Again, the aforementioned array can be decrypted (in real code) to merge it between the list using regex. But can an array be constructed using XPath in such a way as to preserve this connection?
For example (pseudo-speaking, this does not work):
'//table[contains(@id, "ITEMS")]/tr[position()>1]/td/span/text() | if exists('//table[contains(@id, "ITEMS")]/tr[position() >1]/table)) then ("NoTable") else ("TableRef") | Save this result into @TableRef ('//table[contains(@id, "ITEMS")]/tr[position() >1]/table/tr/td/text()')'
It is not possible to build multidimensional arrays (in the traditional sense) in Perl, see perldoc perlref But, hopefully, a solution similar to the above can create something like:
@ITEMS[0] => We have nuts! @ITEMS[1] => nutsREF <-- say, the last word of the span value + REF @ITEMS[2] => We have veggies! @ITEMS[3] => veggiesREF <-- say, the last word of the span value + REF @ITEMS[4] => We have booze! @ITEMS[5] => NoTable <-- value accounts for the missing info @nutsREF[0] => Almonds @nutsREF[1] => Cashews @veggiesREF[0] => Carrots @veggiesREF[1] => Celery
The products are known in real code, so my @veggiesREF and my @nutsREF can be defined in anticipation of XPath.

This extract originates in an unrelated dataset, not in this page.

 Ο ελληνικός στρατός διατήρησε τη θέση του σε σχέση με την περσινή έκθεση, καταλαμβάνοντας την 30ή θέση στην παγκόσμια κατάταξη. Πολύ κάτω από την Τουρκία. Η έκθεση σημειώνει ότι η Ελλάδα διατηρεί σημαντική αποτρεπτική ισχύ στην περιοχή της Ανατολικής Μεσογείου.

I understand that XPath if / else / then functionality is in XPath 2.0. I am on an ubuntu system and working locally, but I still don't understand if my server is using apache2 or version 1.0. How can I check this?

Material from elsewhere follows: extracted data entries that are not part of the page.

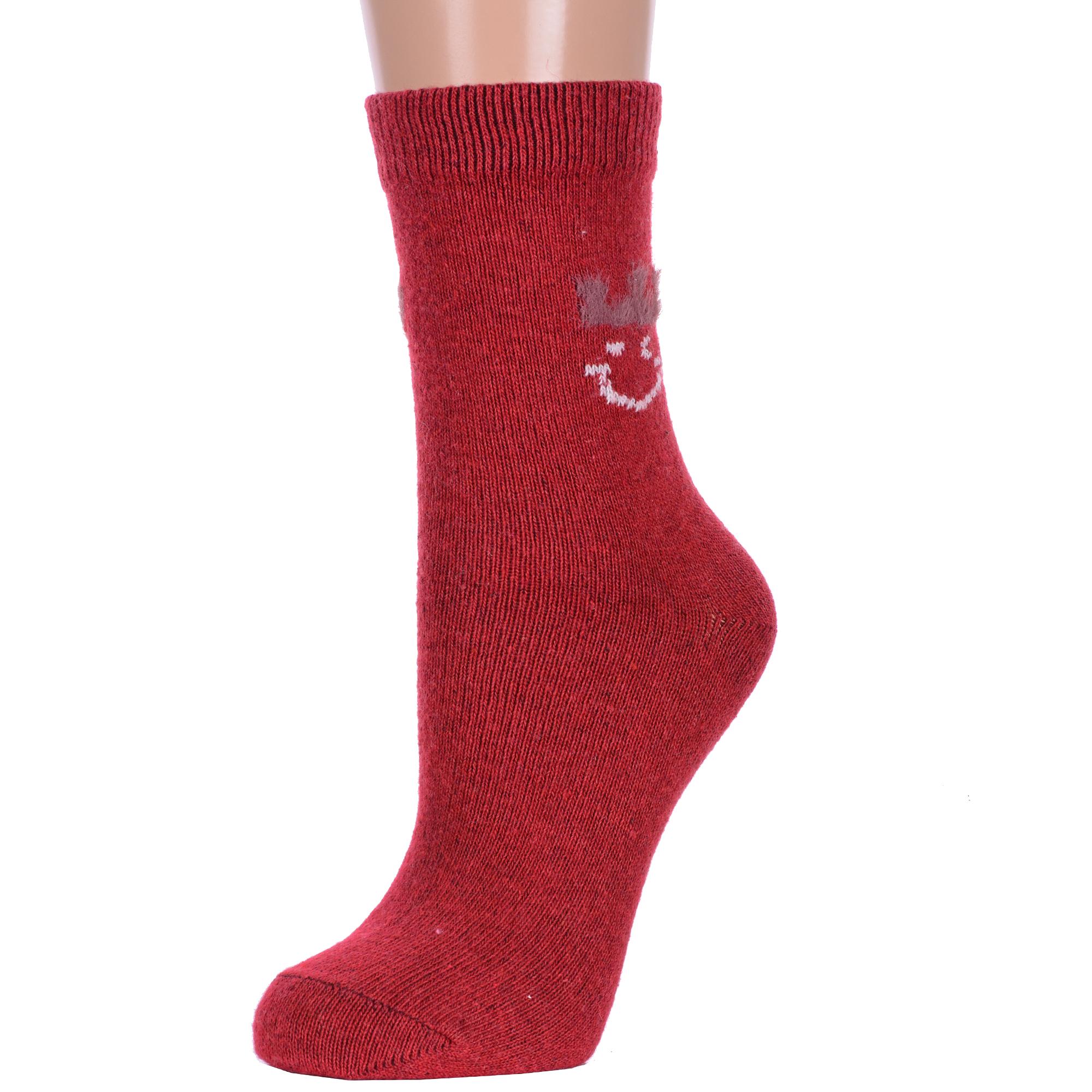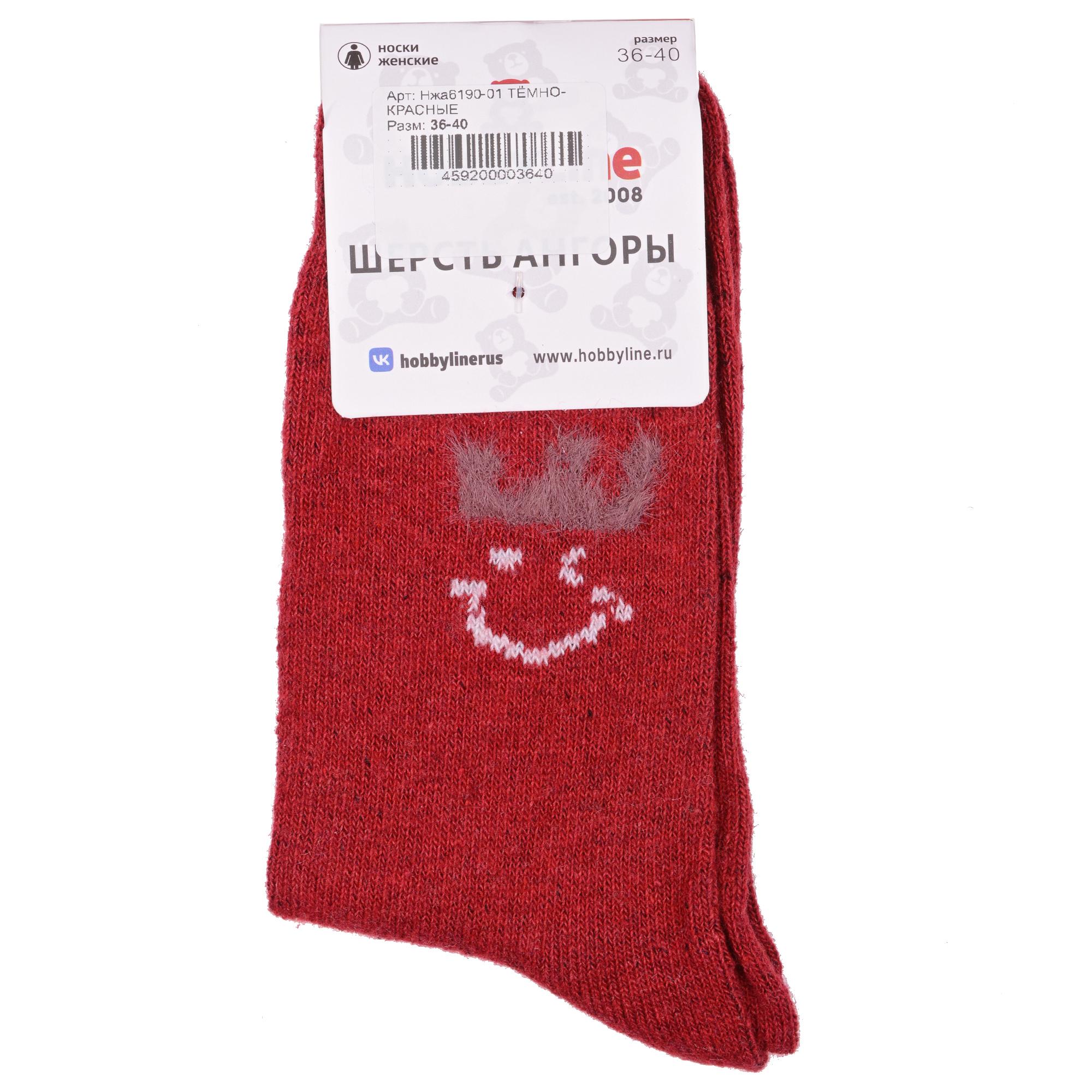 Зимние укороченные женские носки, цвет красный, теплые, повседневные, шов обычный (не бесшовные), принт (рисунок): с узором, состав: 35% вискоза, 20% шерсть, 10% ангора, 30% полиэстер, 5% эластан, арт. Нжа6190-01. Производитель «Китай, страна бренда - Россия» под брендом «Hobby line».
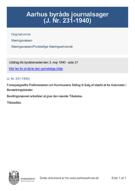 Forespørgselfra Politimesteren om Kommunens Stilling til Salg af stærkt øl fra Automater i Beværtningslokaler.
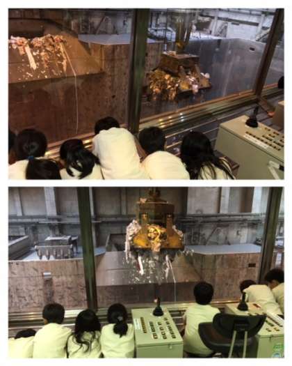 ごみをためる「ごみピットの様子」や、ごみを燃やす「炉」の様子を見て大興奮の子どもたちでした。

Finally, if you can show how to call a Perl script from a PHP submit form, and how to pass a Perl array to the calling PHP function, then this will go in the way of receiving the reward. :)
Thanks!
COMPLETION:
The comments directly under this post were directed to the initial post, which was too vague. Subsequent re-posting (and generosity) was answered by ikegs with a very creative use that resolved the pseudo-problem, but it was difficult for me to understand and reuse in my real application, which entailed reuse on different html pages. About the 18th comment in our dialog, I finally discovered its meaning and use ($ cat) - the undocumented Perl syntax that he used. For new readers, understanding this syntax allows us to understand (and reformat) its intellectual solution to the problem. His post, of course, meets the basic requirements that are sought in the OP, but does not use HTML :: TreeBuilder :: XPath for this.
jpalecek uses HTML :: TreeBuilder :: XPath, but does not put the captured data into arrays to pass back the PHP function and load it into the database.
I learned from both respondents and hope this post will help others who are not familiar with Perl, like me. Any final contributions would be highly appreciated.